## What is expected
The lines to return run from the start of the material below through the line holding "Une silent-disco sur", both included; please give them back exactly, minus the pictures.

## Provided data

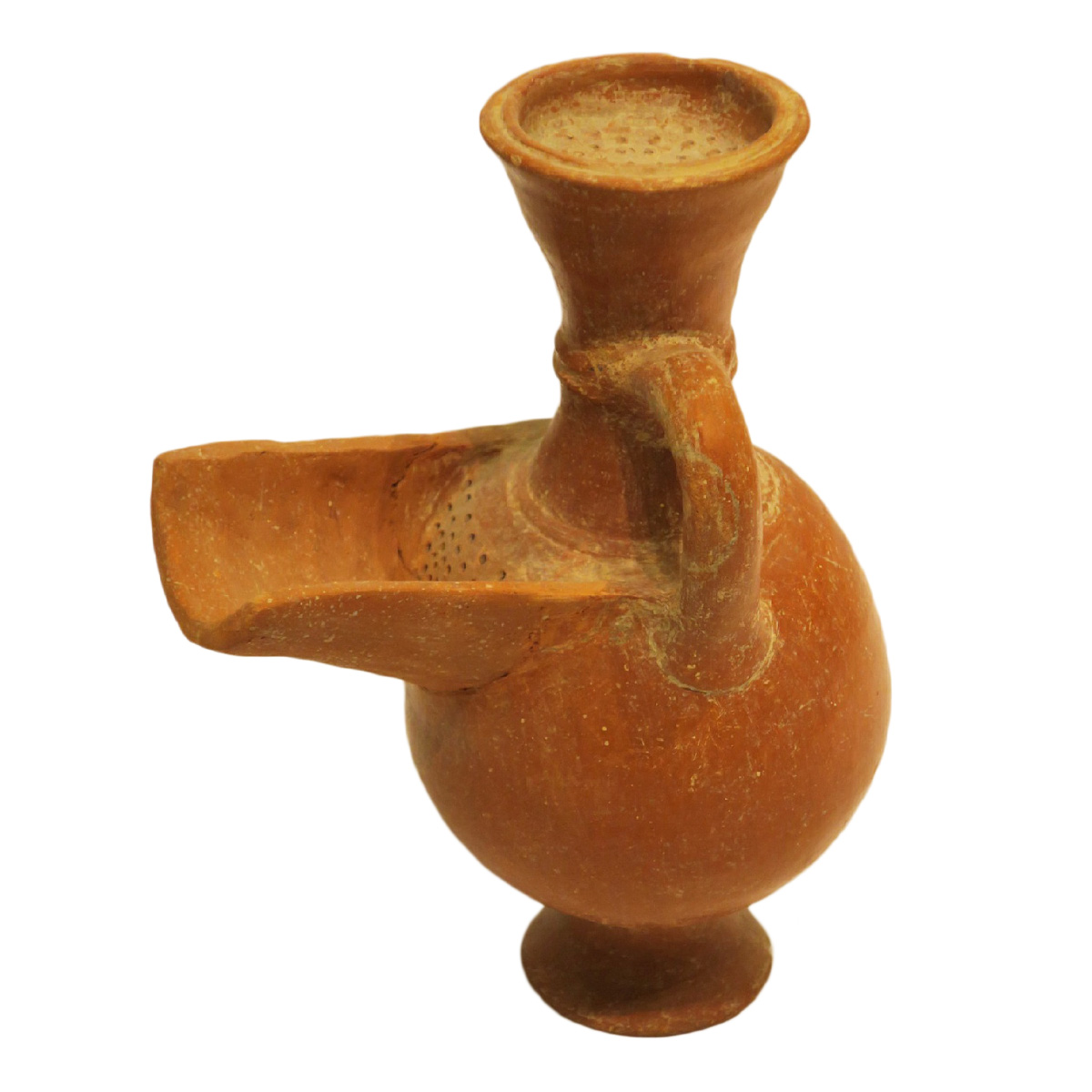 A pedestalled spouted jug with an upper strainer. Iron Age I.
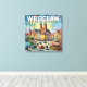 A radiant sky swirls above Wroclaw as pastel facades, market stalls, vintage cars, and the soaring twin towers of the cathedral bring the old city to life. This canvas art captures the charm of Poland’s historic riverside with painterly light, European architecture, and nostalgic street energy. Perfect for hotel decor, guest rooms, or elegant homes, it adds warmth, culture, travel romance, and timeless city beauty to any wall.
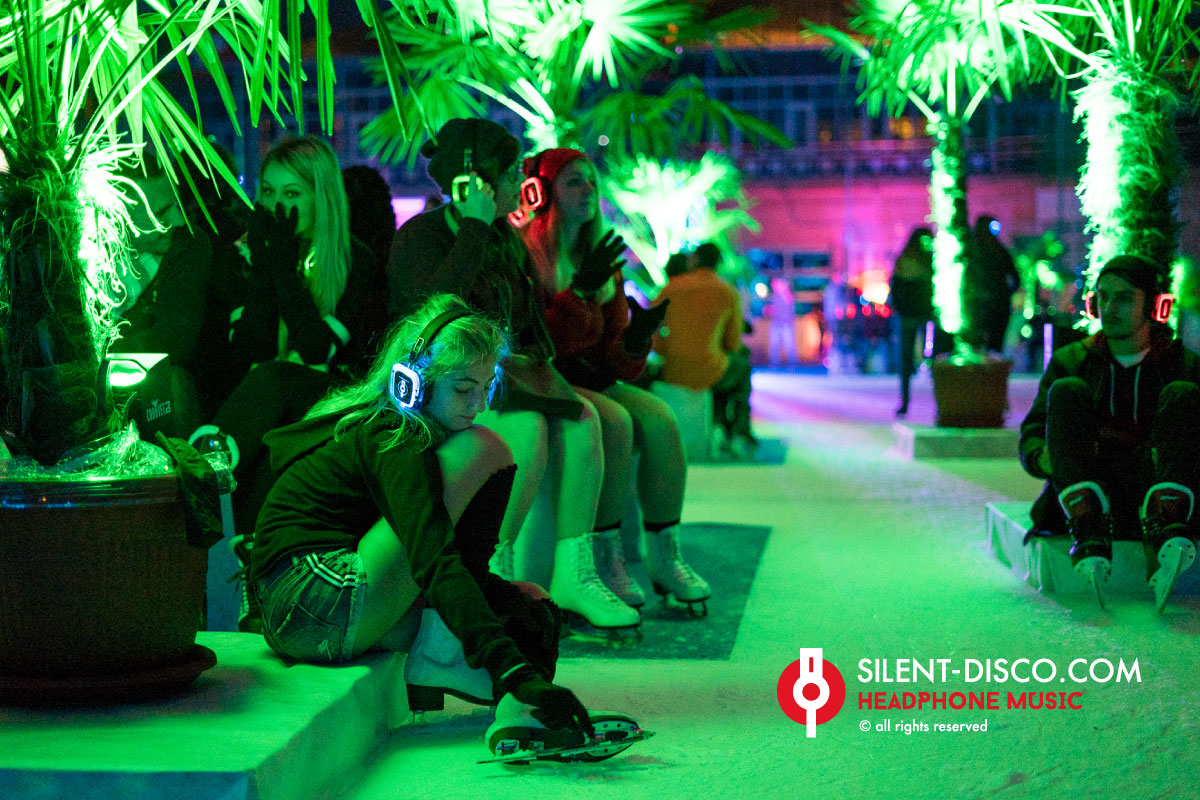 Une silent-disco sur patins à glace ou en roller.
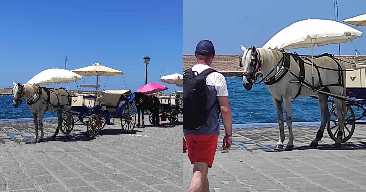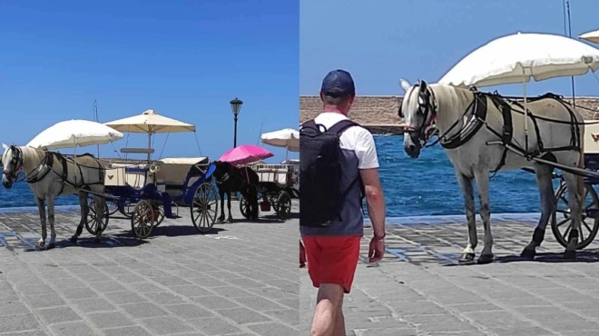 Σύμφωνα με καταγγελία της φιλοζωικής σελίδας των Χανίων «Η προστασία των ζώων», τα άλογα άμαξας περιμένουν τον επόμενο πελάτη κάτω από τον καυτό ήλιο και τη θερμοκρασία να αγγίζει τους 40 βαθμούς Κελσίου.

## The answer
 A pedestalled spouted jug with an upper strainer. Iron Age I.
 A radiant sky swirls above Wroclaw as pastel facades, market stalls, vintage cars, and the soaring twin towers of the cathedral bring the old city to life. This canvas art captures the charm of Poland’s historic riverside with painterly light, European architecture, and nostalgic street energy. Perfect for hotel decor, guest rooms, or elegant homes, it adds warmth, culture, travel romance, and timeless city beauty to any wall.
 Une silent-disco sur patins à glace ou en roller.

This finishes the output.